Cancer Registries Are at a Fork in the Road

Cancer registries face a turning point. Case-finding, abstraction, and follow-up once depended entirely on manual effort, but data demands have grown exponentially in the last decade. Hospitals now require near real-time information to support quality reporting, value-based care, personalized medicine, and population health. Artificial intelligence (AI) offers a solution, but adoption requires engagement and clarity about what success truly means.

Time and Efficiency
AI-powered automation drastically cuts hours spent on casefinding and data entry by automated review of the EHR in minutes, instead of weeks or months (Smith et al., 2023). Yet without strong quality control, faster workflows may introduce unchecked errors.

Staffing and Salaries
Automation does not replace registrars, it redefines their roles toward curation, analytics, and strategic oversight (Jones & Patel, 2024). However, to achieve optimal staffing ratios and significant reductions in cost, implementation of AI will require funding, training, and cultural change, factors that often get overlooked or used as a barrier to moving forward.

Data Quality and Timeliness
The real power behind transformation lies in real-time insight: AI-driven intelligent abstraction supports mandatory reporting, accreditation, and performance improvement, value-based care, population health, and personalized medicine (Lee et al., 2022). But partial or poorly integrated systems can generate duplicate entries, missing values, or conflicting updates unless data governance is strong.
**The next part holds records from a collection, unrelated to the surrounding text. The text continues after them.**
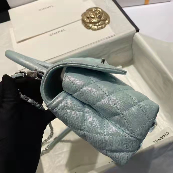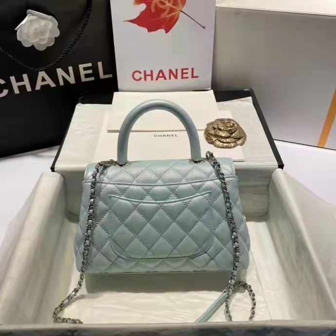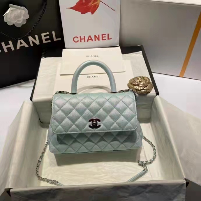 Chanel flap bag with top handle Come with serial numbers, Chanel authenticity card, Chanel dust bag, Chanel Box and Chanel care booklet.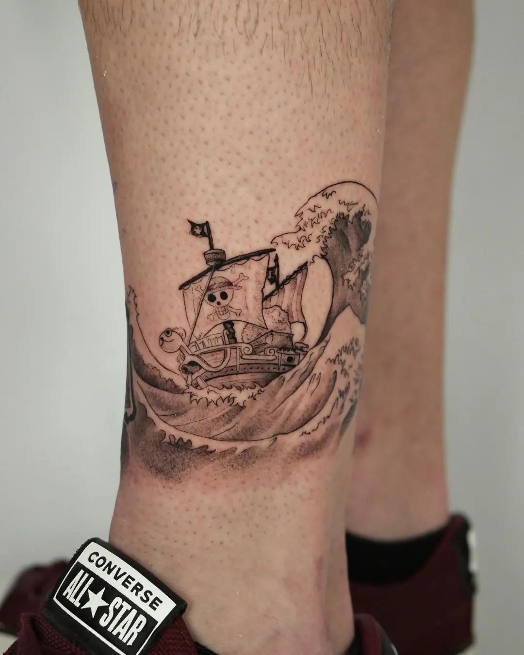 What makes this tattoo special is its storytelling. It’s ideal for people who connect with themes of strength, endurance, and overcoming rough waters. The balanced linework keeps it readable even with high detail, making it a strong choice for calf or forearm placement that will hold its impact over time.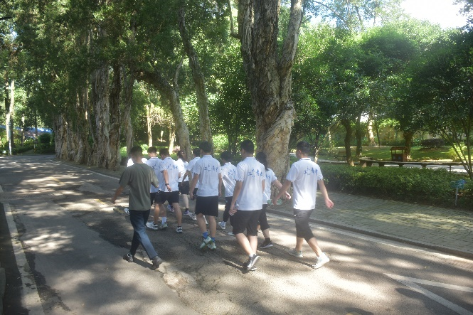 雄关漫道真如铁,而今迈步从头越。7月8日,青春向党百年路,铸得利剑振国风(“青春心向党,从军建国防”)社会实践队在福州某部队实践的第二天,清晨8点半,队员们在部队领导、教官及带队老师的陪同下,开始在福州国家森林公园进行野外徒步行军拉练,大家士气高昂、热情饱满,从头到尾无一人掉队,历时3个小时,成功翻过两个山头,行进10余公里,圆满完成实践项目。再回首,青山叠嶂,汗湿的衣服和晒红的脸颊都意味着队员们身体素质得到了提升,坚强意志得到了锤炼。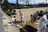 卒業制作で体育倉庫や水道にペンキで色を塗っています。体育倉庫には山・川・ホタル・太陽の絵があり、素敵な絵が仕上がってきています。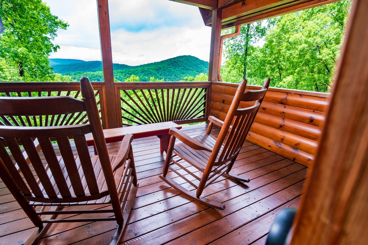 レビュー77件、5つ星中4.97つ星の平均評価露天風呂、ゲームルーム、ファイヤーピット付きのマウンテンビューのキャビン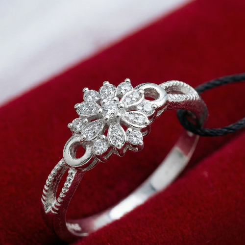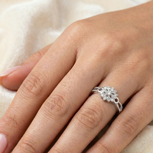 The Diamond Flower Cluster Ring is a showstopper, featuring a central flower design made of marquise and round-cut stones, set in silver or white gold. The delicate textured split-shank band adds a unique charm, ensuring this piece radiates sophistication and textured brilliance. Perfect for events that require a touch of grace and style.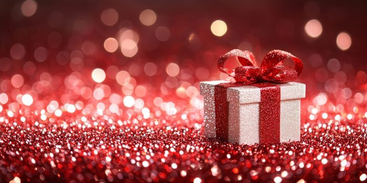 A beautifully wrapped gift box adorned with a vibrant red bow, resting on a glossy surface, exuding festive charm and anticipation for Christmas celebrations.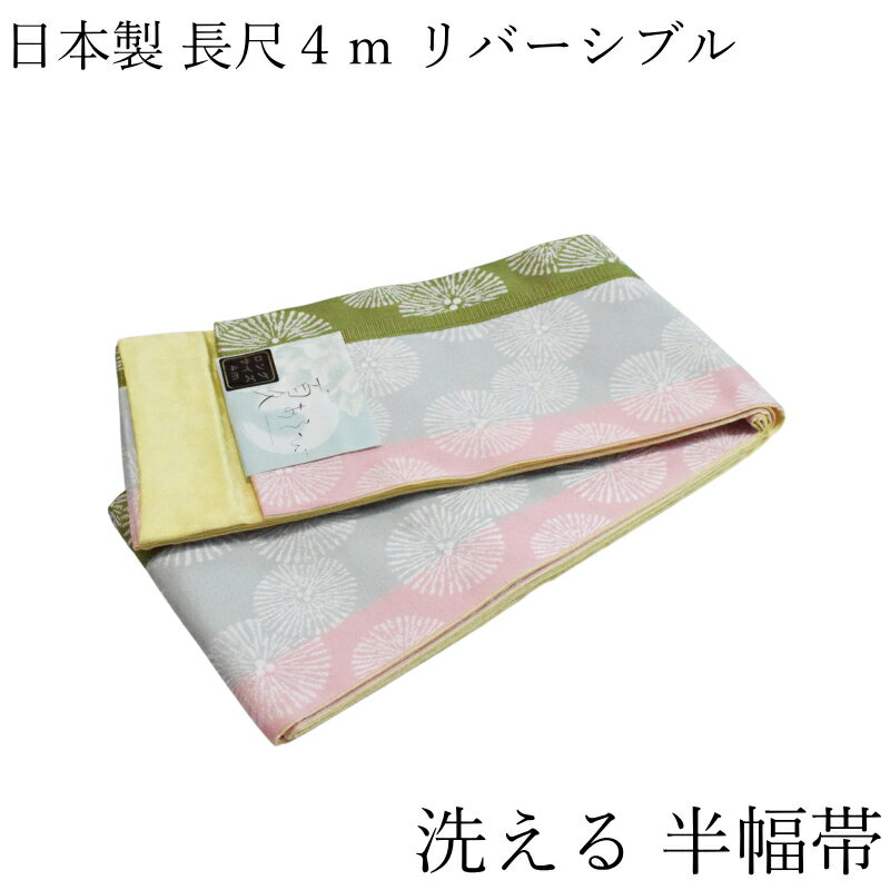 夏あそび 半幅帯 No.4 リバーシブル 小袋帯 日本製 長尺 約4m ポリエステル100% 両面仕様 細帯 夏用 浴衣 着物 半巾帯 メール便OK

Sustainability and Strategy
AI is not a magic bullet. Successful deployment demands clear definition of data standards, strong quality control, and tight collaboration between oncology data specialists, leadership, IT, and vendors. Only then does the cancer registry become a smart, sustainable curator of actionable insights.

The Cost of Inaction
Avoiding optimal automation carries its own price. When registries rely solely on manual processes, or limited automation, they risk increasing time and labor costs, burnout, and disengagement from leadership who view registry work as clerical rather than strategic. Fear of job loss or loss of control may also drive inaction, delay adoption and drive cost and delays upward.

Without robust automation, registries may fall behind, require additional staff, miss reporting deadlines, fall below benchmarks and accreditation requirements or be unable to support the data needs for value-based care. Opportunities for real-time analytics and support of the organization’s strategic plan will slip away, and hospital leadership will lose a crucial link between clinical performance and actionable data. Overall, the greater risk is not automation, it is indifference and apathy.